The original group of 25 patients was again flagged in the EMR. At the patients’ next appointments, the physicians or registered nurses (depending on who was seeing the patient) were to present the handout and encourage the switch to oral B12.
Although most of the 25 identified patients had access to third-party insurance, oral B12 costs are not always covered; often, insurers use the provincial drug program as a guideline for which medications to cover.
Our retrospective chart review in late 2015 indicated that 35 per cent of this group were switched to oral B12 through the change management strategies we had developed. Another 19 per cent, all of whom were on government income support, would likely have switched if the supplement had been covered by the provincial drug program (IM B12 is currently covered by the drug program). Of the remaining identified patients, 15 per cent chose to continue monthly self-injection and 31 per cent continued to attend the clinic for parenteral B12 because they believed it to be the superior management method. This latter group might be willing to transition to oral B12 if they receive further support and education from the physicians.
Our next action was to produce a research poster that outlines the project and its findings in lay terms and then post it in our clinic waiting room. We also wrote to the Manitoba Drug Standards and Therapeutics Committee to recommend adding oral B12 to its list of eligible medications.
It was clear to us that patients were reluctant to switch unless the physicians encouraged them to. We had assumed that change would be difficult for patients.

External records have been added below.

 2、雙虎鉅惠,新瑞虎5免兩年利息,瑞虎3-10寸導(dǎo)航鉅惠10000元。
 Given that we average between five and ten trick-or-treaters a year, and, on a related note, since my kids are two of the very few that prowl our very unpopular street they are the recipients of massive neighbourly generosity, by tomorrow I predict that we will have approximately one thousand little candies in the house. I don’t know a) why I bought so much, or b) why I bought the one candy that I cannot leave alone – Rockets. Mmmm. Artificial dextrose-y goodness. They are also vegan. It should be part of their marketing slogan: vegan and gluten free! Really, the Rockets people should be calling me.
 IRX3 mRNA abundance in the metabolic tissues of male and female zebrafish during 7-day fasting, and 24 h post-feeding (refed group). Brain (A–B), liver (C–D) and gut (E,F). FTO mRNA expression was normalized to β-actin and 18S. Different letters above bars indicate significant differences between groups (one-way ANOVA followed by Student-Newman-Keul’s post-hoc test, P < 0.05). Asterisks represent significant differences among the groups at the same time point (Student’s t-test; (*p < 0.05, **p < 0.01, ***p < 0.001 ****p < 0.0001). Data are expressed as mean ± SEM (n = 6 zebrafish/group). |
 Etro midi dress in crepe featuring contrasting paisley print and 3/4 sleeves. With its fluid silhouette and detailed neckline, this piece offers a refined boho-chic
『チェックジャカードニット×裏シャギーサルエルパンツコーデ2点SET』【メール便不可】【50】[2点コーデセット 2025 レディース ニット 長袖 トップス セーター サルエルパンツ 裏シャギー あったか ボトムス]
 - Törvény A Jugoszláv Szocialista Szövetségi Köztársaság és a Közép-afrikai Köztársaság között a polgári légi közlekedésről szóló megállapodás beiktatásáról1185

However, we underestimated the fact that change would also be challenging for some physicians and that many factors made the initiation of a change discussion between physician and patient difficult, including time constraints of appointments and the physicians’ lack of familiarity with the EMR (i.e., how to identify flagged messages).
Taking into account the relationship between an individual care provider and a patient, we believe it is important for members of interdisciplinary teams to reach consensus on evidence-based approaches to patient care to ensure good outcomes for patients and optimize scope of practice for members of each discipline.
This project highlights some of the challenges of collaboration in a practice environment that is guided by the principles of primary health care. Engagement of the whole team requires ongoing efforts by management as well as individual team members to ensure that a consistent message of high-quality evidence-based patient care is driving practice. Clinic-based quality improvement projects in a team setting such as ours enhance the evolution of clinical care approaches.
Butler, C. C., Vidal-Alaball, J., Cannings-John, R., McCaddon, A., Hood, K., Papaioannou, A., … Goringe, A. (2006). Oral vitamin B12 versus intramuscular vitamin B12 for vitamin B12 deficiency: A systematic review of randomized controlled trials. Family Practice, 23(3), 279-285.
Houle, S. K., Kolber, M. R., & Chuck, A. W. (2014). Should vitamin B12 tablets be included in more Canadian drug formularies? An economic model of the cost-saving potential from increased utilisation of oral versus intramuscular vitamin B12 maintenance therapy for Alberta seniors. BMJ Open, 4(5) e004501.
Kwong, J. C., Carr, D., Dhalla, I. A., Tom-Kun, D., & Upshur, R. (2005). Oral vitamin B12 therapy in the primary care setting: A qualitative and quantitative study of patient perspectives. BMC Family Practice, 6(1).